Although the present invention has been described with reference to an embodiment shown in the accompanying drawings, this is merely an example, and those skilled in the art may now It should be understood that various modifications and other equivalent embodiments are possible. Therefore, the true scope of protection of the present invention should be determined only by the appended claims.

[Brief description of the drawings]

FIG. 1 is a schematic exploded perspective view of a conventional plasma display device.

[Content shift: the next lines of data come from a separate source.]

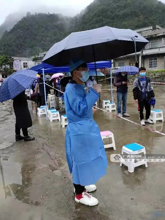 电气与电子工程系陆星源同学参加核酸检测维序工作。beat365官方网站南宁分校 供图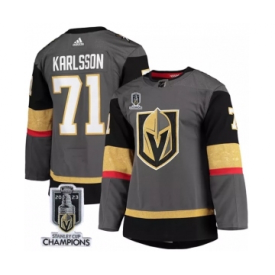 >Men's Vegas Golden Knights #71 William Karlsson Gray 2023 Stanley Cup Champions Stitched Jersey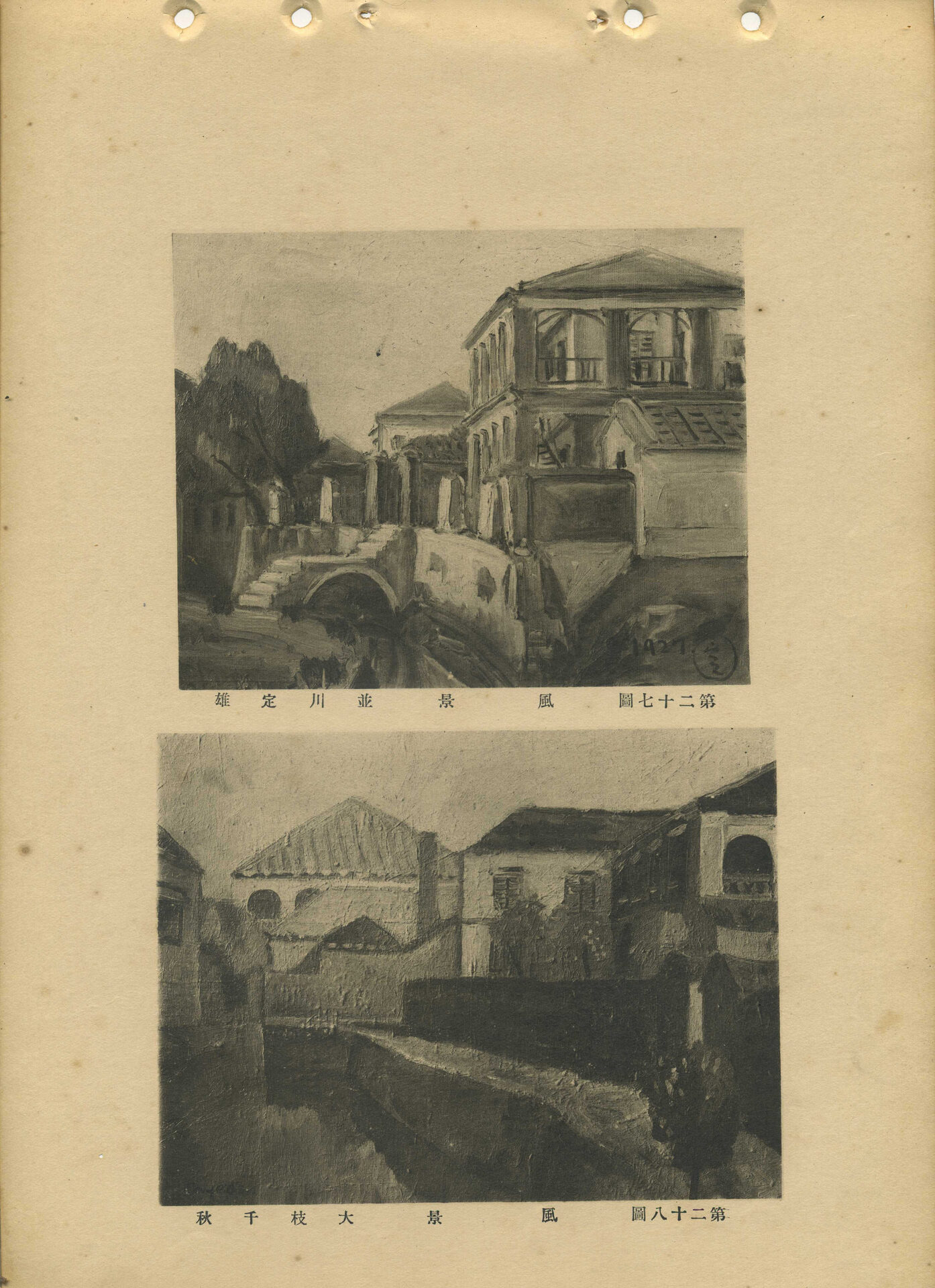 第二十八圖為大枝千秋入選1927年(昭和2年)第一回臺展西洋畫部的作品。此畫與並川定雄〈風景〉(1927)的構圖相似,前景皆有水道流過,右側以圍牆為分界,內有兩層樓的洋樓建築群。水道在畫面盡頭向左拐彎,後方另有一棟淺色牆面、斜面屋頂的洋樓。《第一回臺灣美術展覽會圖錄》(1928)的目錄,刊載大枝住址:「臺北市下奎府町3之2」,位於大稻埕商圈內。畫面左後方淺色牆面建築,其屋頂特徵及拱頂迴廊的造型,特徵上近似大稻埕李春生洋樓(今歸綏街與環河北路一帶)。另外,根據1927年10月27日《臺灣日日新報》(夕刊1版)的臺展相關報導,大枝為臺北高等學校一年級生。由此推測大枝在校期間應師事該校圖畫教師鹽月桃甫。不過觀察畫面表現,此作構圖更近似石川欽一郎所擅長的道路風景構圖,而非鹽月的野獸派風格。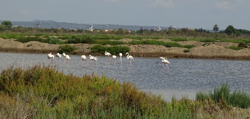 Maar goed, we komen voor de vele vogelgebieden die er te vinden zijn. Dus rijden we door naar een klein merengebied, Salinas de Levante, gelegen tussen Ses Salines en Colonia Sant Jordi. We zijn verbaasd dat we hier flamingo’s aantreffen, niet gedacht. Daar moet ik dadelijk eens wat dichterbij zien te komen…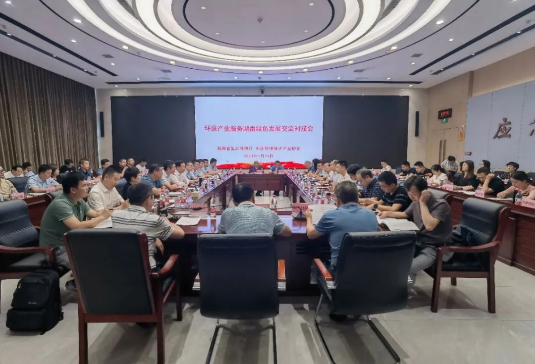 7月29日,湖南省生态环境厅与中国环境保护产业协会在第四届湖南国际绿色发展博览会期间联合举办“环保产业服务湖南绿色发展交流对接会”。中国环境保护产业协会党委书记、会长郭承站亲率38家生态环保产业重点企业走进湖南,与湖南省生态环境厅一级巡视员张在峰及12个市州生态环境局有关负责同志共商生态环保产业服务湖南生态文明建设、促进湖南经济社会绿色低碳转型,共同推进湖南生态环保产业高质量发展。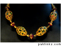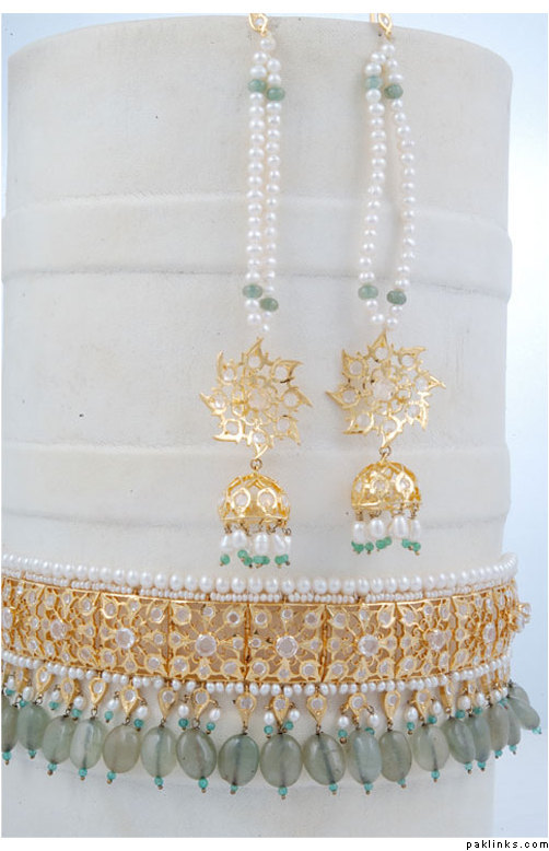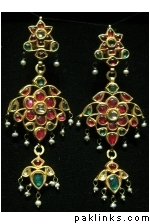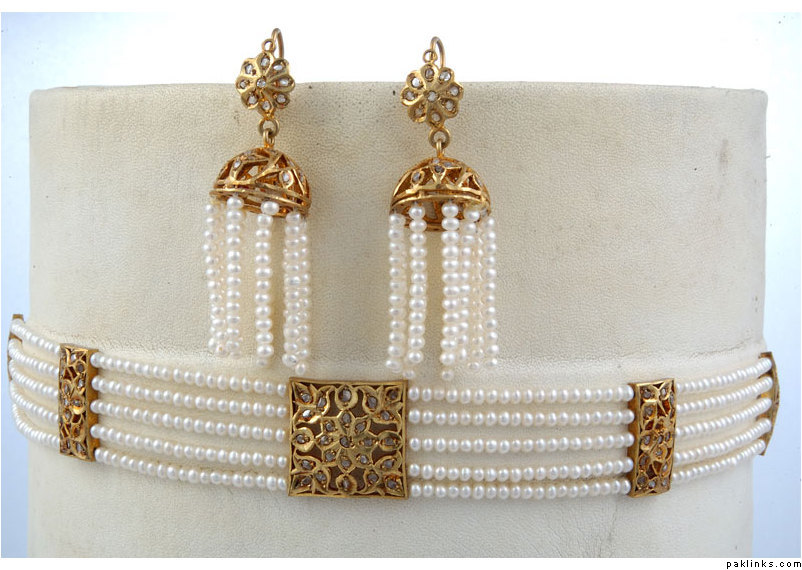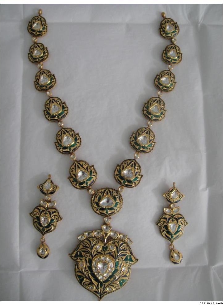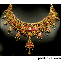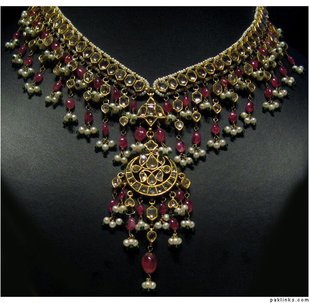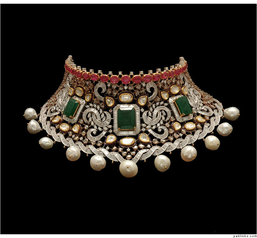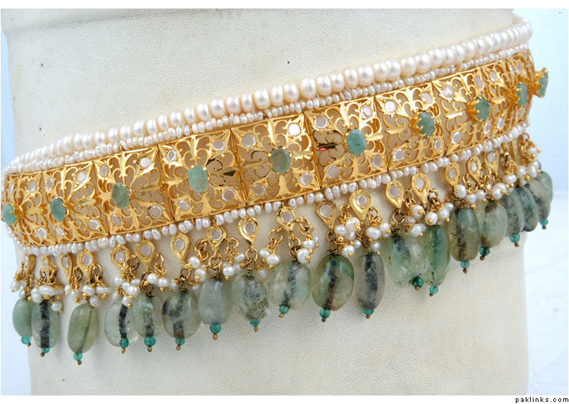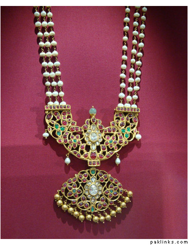 The above is a typical hyderabadi jewellery called as “hyderabadi laccha” or chokar style hyderabadi necklace. Is said to be a love of every muslim women and is believed that every muslim women minimum for 1 time is to wear that piece once in their life time. Design being the similar, the item is been passed from generation to the other simply like the customs and traditions are worn by almost all hyderabadi’s it creats itself a different brand in itself.
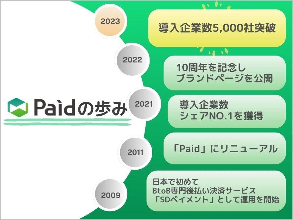 「Paid」は、企業間取引における後払い決済で発生する与信管理や請求書の発行、代金回収などの請求業務を全て代行するフィンテックサービスです。2009年に日本で初めてのBtoB専門決済サービス「SDペイメント」として提供を開始し、2011年に企業間決済「Paid」へとリニューアルしました。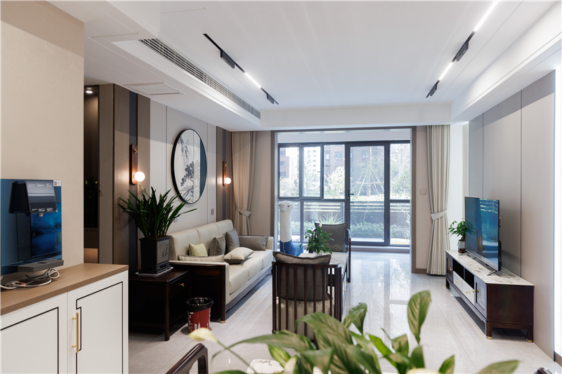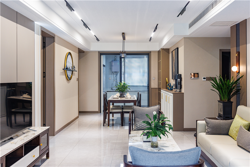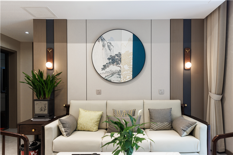 恰到好处的生活是别样的精致,进到客厅,无主灯设计简约舒适;新中式的特点让客厅精致又不会显得繁杂,中式元素干净利落的融入,让整个空间也成为一道风景。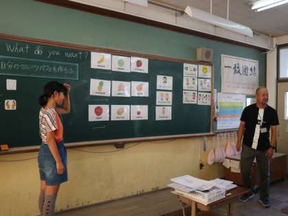 外国語活動では,お気に入りのパフェを作るためにお店屋さんを開きました。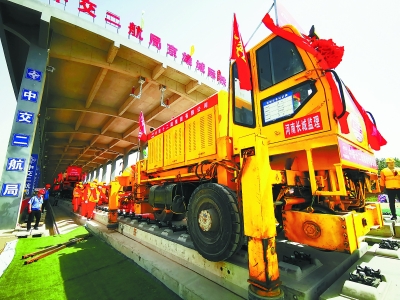 記(ji)者(zhe)在(zai)現(xian)場(chang)看(kan)到(dao),鋪(pu)軌(gui)開(kai)始(shi)後(hou),兩(liang)條(tiao)長(chang)長(chang)的(de)鋼(gang)軌(gui)先(xian)從(cong)運(yun)輸(shu)車(che)上(shang)送(song)入(ru)前(qian)方(fang)等(deng)待(dai)的(de)黃(huang)色(se)牽(qian)引(yin)車(che),隨(sui)後(hou)在(zai)牽(qian)引(yin)車(che)的(de)牽(qian)引(yin)下(xia),整(zheng)條(tiao)鋼(gang)軌(gui)被(bei)慢(man)慢(man)拉(la)出(chu),最(zui)終(zhong)落(luo)在(zai)無(wu)砟(zha)軌(gui)道(dao)板(ban)上(shang)。500米長的兩條鋼軌,僅僅用了1小時就鋪設到位。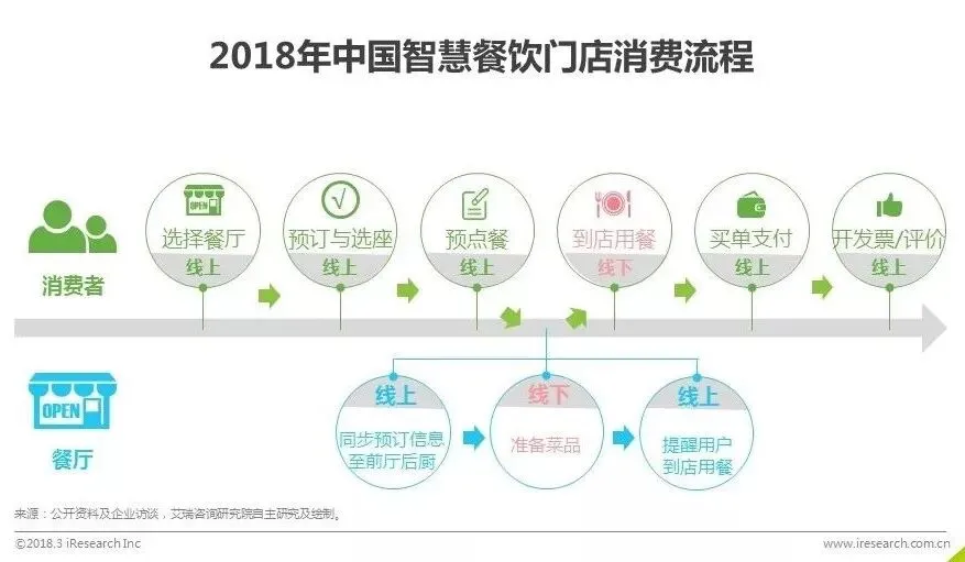 餐饮消费时间段相对集中,高峰期的排队不但降低了就餐体验,同时也降低了餐厅出品的效率。智慧餐饮的应用,让消费者“来了就吃,吃完就走”成为可能。以看电影为例,过去大家都要到现场去买票,甚至排队。在线票务平台出现以后,用户就可以直接在手机上买好票、选好座,看电影的选择成本和消费成本大幅降低,反过来也让更多的消费者愿意去电影院看电影。同样类比到餐饮行业,消费者通过互联网平台可以看到餐厅的实时菜品与座位,就餐前在平台进行预订、选座,并提前点好餐、付完款、甚至开好发票。商家根据消费者的预订信息,在消费者到店前提前准备好菜品并提醒就餐。消费者除了就餐外的所有环节均可以在线上完成,就餐的便捷程度与体验均大大提升。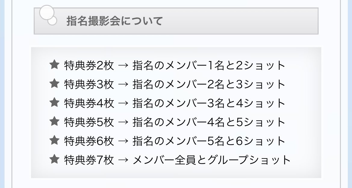 グループが好きで、推し以外ともチェキ撮りたいけど一人一人だと特典券10枚かかるから、まとめて6枚で済ます!推し含めメンバー全員に自分が誰推しか認知されていたら、これはこれで間違いなく楽しいけどね。経験上。
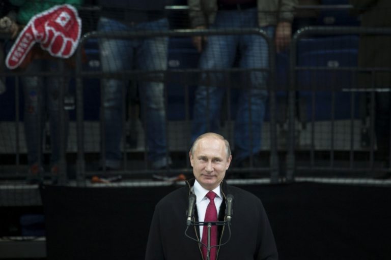 Príhovor ruského prezidenta Vladimira Putina po finálovom zápase na svetovom šampionáte, v ktorom Kanada zdolala Fínsko 2:0. Moskva, 22. máj 2016. Foto: SITA/AP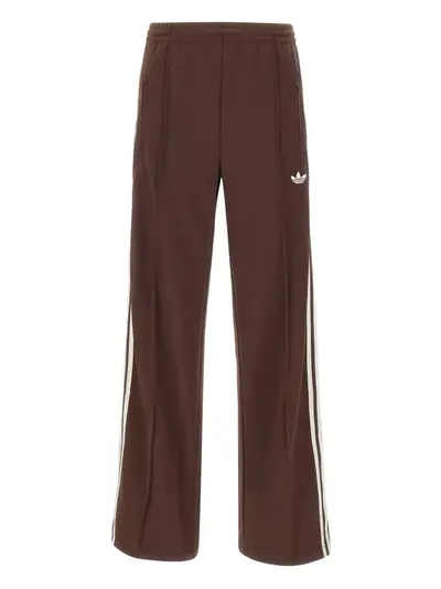 brown elasticated waist zip pockets logo detail central rib side stripes

FIG. 2 is a schematic exploded perspective view of the plasma display device according to the present invention.

[Explanation of symbols]

 Reference Signs List 21 front glass substrate 22 rear glass substrate 23a first electrode 23b second electrode 23c bus electrode 24 dielectric layer 25 protective layer 27 partition wall 29 cell 31 frit glass layer

 ──────────────────────────────────────────────────続 き Continuing on the front page (72) Inventor Tadashi Yanagi ▲ Yo ▼ 388-2, Ssangyong-dong, Cheonan-si, Chungcheongnam-do, Republic of Korea Modern Apartment 301 Building No. 303 (72) Inventor Huang Xi-Rong Cheonan, Chungcheongnam-do, South Korea 636-5 Hoshii-dong, Resident Villar 402

Claims (6)

[Claims] 1. A front glass substrate and a rear glass substrate that are joined to face each other, and a strip-shaped display electrode formed in a direction perpendicular to the inner surfaces of the front glass substrate and the rear glass substrate. And an address electrode; a dielectric layer formed on inner surfaces of the front glass substrate and the rear glass substrate so as to cover the display electrode and the address electrode; and a dielectric layer formed on the dielectric layer on the rear glass substrate. Between the upper surface of the partition and the front glass substrate corresponding thereto such that the front glass substrate is heated and fused to the upper part of the partition, and the phosphor applied to the cell formed by the partition. And a frit glass layer formed on the plasma display device. 2. The width of the frit glass layer formed on the partition after sealing the front glass substrate and the rear glass substrate is about 10 to 100% of the width of the upper surface of the partition. The plasma display device according to claim 1, wherein: 3. The thickness of the frit glass layer after sealing the front glass substrate and the rear glass substrate is 1 to 50 micrometers.
3. The plasma display device according to 1. Forming a plurality of electrodes intersecting each other on the inner surfaces of the front glass substrate and the rear glass substrate and a dielectric layer covering the electrodes; forming a partition on the dielectric layer of the rear glass substrate; Applying a body, applying frit glass to an upper surface of the partition wall and drying; heating the frit glass to seal the inner surface of the front glass substrate, thereby forming the front surface. Forming a layer of the frit glass between a glass substrate and the upper surface of the partition wall; and, in the forming step, injecting a discharge gas into a sealed substrate assembly and sealing the same. A method for manufacturing a plasma display device. 5. The sealing in the forming step,
5. The method according to claim 4, further comprising the step of heating and exhausting a gas contained in a space between the sealed substrates before the sealing, wherein the process is performed under an atmospheric pressure with the substrates fixed to each other. A manufacturing method of the plasma display device according to the above. 6. The sealing in the forming step,
5. The method according to claim 4, wherein the substrate is disposed in a vacuum chamber in a spaced state, and the substrate is interconnected after heating and exhausting.